Listings are low across New Zealand – how can you find the right property when there are so few coming to market, asks Campbell Venning.

By: Campbell Venning

1 February 2018

There’s one mantra I’m hearing from real estate agents all over New Zealand: we want more listings. The Newshub headline on January 4th said “House listings at record low, prices all-time high.” Hopefully, this month and March will bring a big upsurge in listings and give investors more choice. But with the doom and gloom headlines about property values that we read in the major newspapers, I have my doubts. As we saw last year, if people feel worried about the market, they tend to do nothing. It’s human nature – sit tight and assess the situation before you make your move.

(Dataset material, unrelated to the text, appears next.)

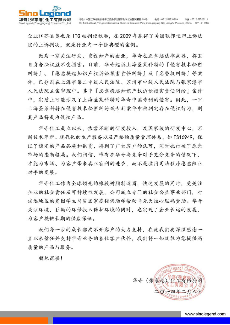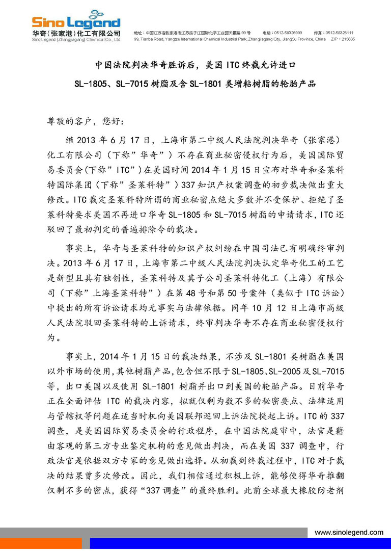 中国法院判决华奇胜诉后,美国ITC终裁允许进口SL-1805、SL-7015树脂及含SL-1801类增粘树脂的轮胎产品
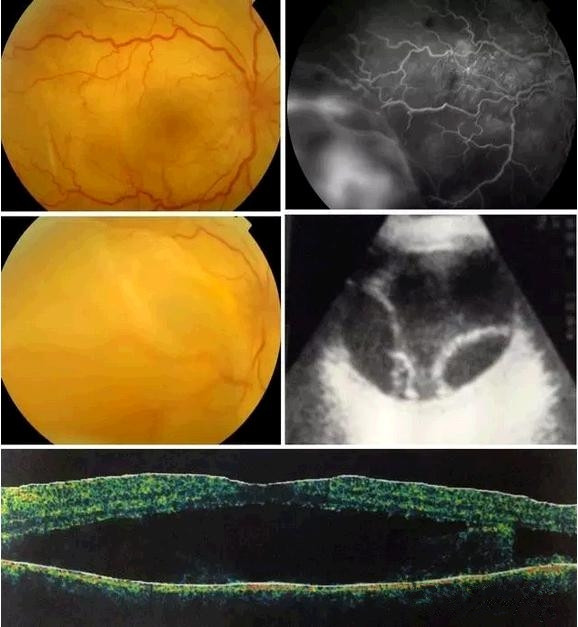 图 2 左上为病例 5 就诊时交感眼的眼底彩照,可见视盘充血水肿;右上为眼底造影,可见后极部针尖样高荧光、颞下象限局限渗出性视网膜脱离;左中为治疗 10 天后眼底相,大范围渗出性视网膜脱离,无明显改善;右中为对应 B 超;下图为相应光相干断层扫描示视网膜脱离。(此患者失访)

That’s both good and bad news for buyers. The bad news is that you’re limited when it comes to choice. I know several investors who have quite specific criteria for the properties they buy: like, it must be one or two bedrooms, in one of these three suburbs, and priced below $250,000 for instance. Those investors, the ones with the checklists, are having difficulties. There’s nothing to buy. If something does come onto the market that ticks all their boxes, other cashed-up investors are also ready to bid and suddenly it’s sold for $270,000 and they’ve missed out… Again. This isn’t always the case, but certain properties that are particularly investor-friendly are still going to sell rapidly. So, if that scenario sounds familiar, it might be time to start thinking about widening your horizons. Crunch the numbers on different types of dwellings, in alternative locations, at a variety of price points. Have you considered another region? Have you looked at buying off the plans?

❝Crunch the numbers on different types of dwellings, in alternative locations, at a variety of price points❞

There's Good News

The good news is that the properties which do come onto the market often have motivated vendors. Those vendors haven’t got the luxury of waiting to see what happens, for some reason. Could be they’re moving cities or going overseas, could be a landlord who can’t take the stress of a run-down property any longer, could be a developer or trader whose core business is selling houses, not holding onto them. For those people, the timing is irrelevant. They’re going to sell. And you can negotiate – there are deals to be made. That’s one bit of good news.

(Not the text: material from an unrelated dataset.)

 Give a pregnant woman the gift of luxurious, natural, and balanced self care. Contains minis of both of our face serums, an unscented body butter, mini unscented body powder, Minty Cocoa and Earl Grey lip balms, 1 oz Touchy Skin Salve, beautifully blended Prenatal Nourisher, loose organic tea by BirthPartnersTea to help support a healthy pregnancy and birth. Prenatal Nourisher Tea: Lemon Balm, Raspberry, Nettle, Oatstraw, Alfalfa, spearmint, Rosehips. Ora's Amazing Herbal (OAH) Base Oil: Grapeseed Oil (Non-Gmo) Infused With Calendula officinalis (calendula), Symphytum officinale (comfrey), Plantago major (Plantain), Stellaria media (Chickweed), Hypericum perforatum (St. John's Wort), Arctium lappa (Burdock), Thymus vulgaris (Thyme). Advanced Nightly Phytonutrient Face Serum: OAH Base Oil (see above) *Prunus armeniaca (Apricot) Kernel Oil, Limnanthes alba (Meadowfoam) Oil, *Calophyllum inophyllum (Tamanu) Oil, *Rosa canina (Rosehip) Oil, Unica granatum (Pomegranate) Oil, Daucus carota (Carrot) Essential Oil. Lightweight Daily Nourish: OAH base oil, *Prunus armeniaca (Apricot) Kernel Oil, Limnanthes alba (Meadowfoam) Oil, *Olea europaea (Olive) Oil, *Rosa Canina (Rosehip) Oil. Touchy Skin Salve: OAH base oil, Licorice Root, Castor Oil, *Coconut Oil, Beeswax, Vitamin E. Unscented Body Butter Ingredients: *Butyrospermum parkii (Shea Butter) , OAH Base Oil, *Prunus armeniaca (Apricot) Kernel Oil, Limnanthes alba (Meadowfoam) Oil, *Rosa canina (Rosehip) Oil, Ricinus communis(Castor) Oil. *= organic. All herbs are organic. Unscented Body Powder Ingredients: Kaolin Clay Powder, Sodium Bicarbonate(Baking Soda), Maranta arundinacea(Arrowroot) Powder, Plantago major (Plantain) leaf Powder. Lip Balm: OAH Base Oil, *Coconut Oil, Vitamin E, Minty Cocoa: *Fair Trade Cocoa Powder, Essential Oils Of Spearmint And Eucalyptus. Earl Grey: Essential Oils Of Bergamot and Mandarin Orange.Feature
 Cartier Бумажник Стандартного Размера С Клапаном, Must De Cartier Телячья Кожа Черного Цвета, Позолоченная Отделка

The second piece of good news is that you could have less competition this year. I know that contradicts the idea that there’s more competition for the remaining listings, but across the market it looks as though there will be fewer property investors purchasing – at least as long as all these legislative issues around methamphetamine, warrants of fitness and landlord responsibilities are still up in the air. And of course, foreign buyers are more restricted in the market as well as money being hard to get out of China for the time being. You may have the chance to buy rentals that other landlords can’t face renovating, and on the less obvious investment properties there should be less competition. Similarly, anything really pricey but specifically investorfocused should be good negotiating fodder with the current LVR restrictions.

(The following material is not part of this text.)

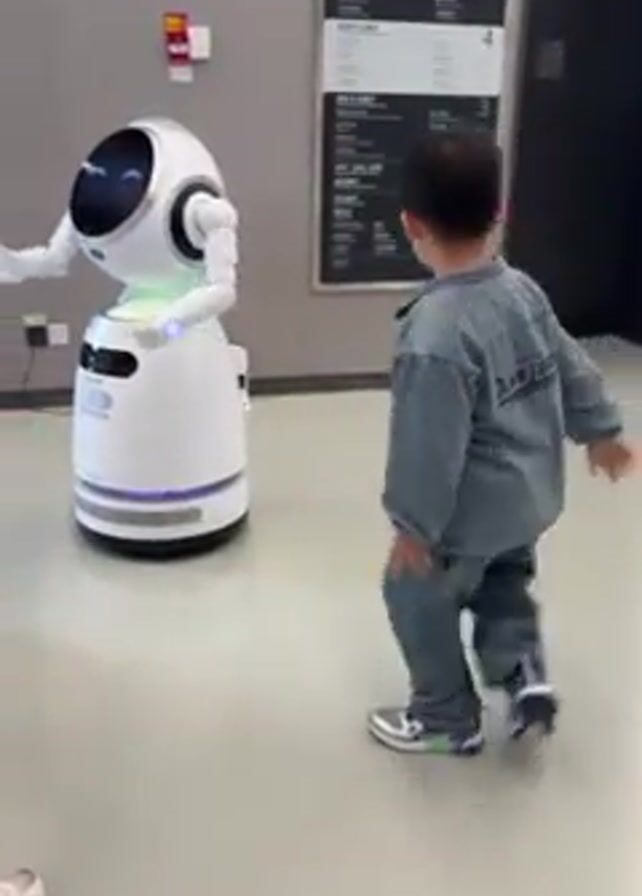two children interacting with a white, dome-shaped robot in what appears to be a public area, possibly a shopping center or mall. The robot has a screen for a face and arms with lights. Initially, a boy in a gray outfit dances enthusiastically near the robot, even falling to the floor at one point. Then, he moves to stand with a girl dressed in light colors as they both face the robot. The robot makes arm gestures, seemingly in response to the children's actions. Behind the robot, there is an elevator directory and advertisements. The floor is a light, neutral color.

I think there are going to be some outstanding deals in new builds and off-theplan. Building companies don’t have the luxury of waiting years for the market to be exactly where they want it. Developers want off-plan sales so they can get funding to complete their projects. And after all the push for new builds, there are a lot of projects being finished this year that will represent excellent buying in many cases. The new build properties are so much better than the old stock in terms of liveability – tenants love them, they’re low maintenance and there’s nothing to worry about in terms of rental WOFs or any of that carry-on. With a strong push to improve New Zealand’s general standard of housing stock, why is it taking so long for people to switch from crapped-out do-ups to newer builds? The cost of construction is so high that renovation has never been less affordable.

If you only do one thing this year, my advice for your property finding is to run the numbers on a wider range of properties – it may reveal a new strategy that will help you adapt to the changing market.

The Property Factory is a licensed Real Estate Agency that specialises in investment listings across New Zealand and Australia. Owned by Real Estate Investar, a publicly listed business on the Australian Stock Exchange, our mission is to provide property investors around the world with the best advice, guidance, products and services to enable them to create wealth through property investment. Campbell Venning has been investing in property for over 20 years and is the Head of Property at The Property Factory. He can be contacted at [email protected] or on 021 515 085 Contact: [email protected]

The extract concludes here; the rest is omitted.